Exercise brief - Return the data below unchanged, without images.

Supplied information -
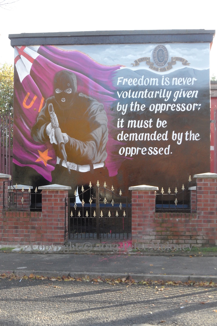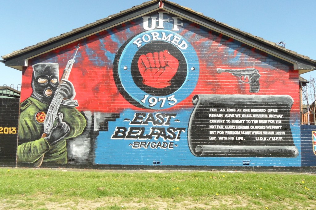 The UFF mural on the first gable of (so-called) Freedom Corner in east Belfast has been repainted many times since the first one took over – in 1991 – from a Gertrude Star mural (D00388). Repaints followed in roughly 2001, 2008, and 2011, now followed by the image shown above. The elements remain as before: a balaclava’d volunteer with assault rifle, the UFF emblem, a pistol, and a modified version of the Declaration of Arbroath: “For as long as one hundred of us remain alive we shall never in anyway consent to submit to the Irish [instead of “English”] for it’s not for glory, honour or riches we fight but for freedom alone which no man loses but with his life – U.D.A./U.F.F”
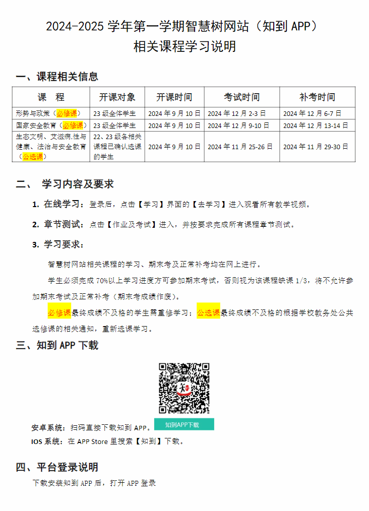 2024-2025学年第一学期智慧树网站(知到APP)相关课程网络学习说明
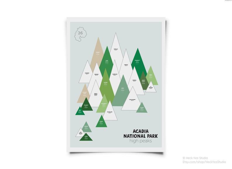 Poster Canvas Acadia National Park High Peaks Sticker Map | Maine Mountains | Mountain Art, Hiking Poster Wall Decor, Poster Gift Decor Home Decor Wall Art Visual Art

Worked solution -
 The UFF mural on the first gable of (so-called) Freedom Corner in east Belfast has been repainted many times since the first one took over – in 1991 – from a Gertrude Star mural (D00388). Repaints followed in roughly 2001, 2008, and 2011, now followed by the image shown above. The elements remain as before: a balaclava’d volunteer with assault rifle, the UFF emblem, a pistol, and a modified version of the Declaration of Arbroath: “For as long as one hundred of us remain alive we shall never in anyway consent to submit to the Irish [instead of “English”] for it’s not for glory, honour or riches we fight but for freedom alone which no man loses but with his life – U.D.A./U.F.F”
 2024-2025学年第一学期智慧树网站(知到APP)相关课程网络学习说明
 Poster Canvas Acadia National Park High Peaks Sticker Map | Maine Mountains | Mountain Art, Hiking Poster Wall Decor, Poster Gift Decor Home Decor Wall Art Visual Art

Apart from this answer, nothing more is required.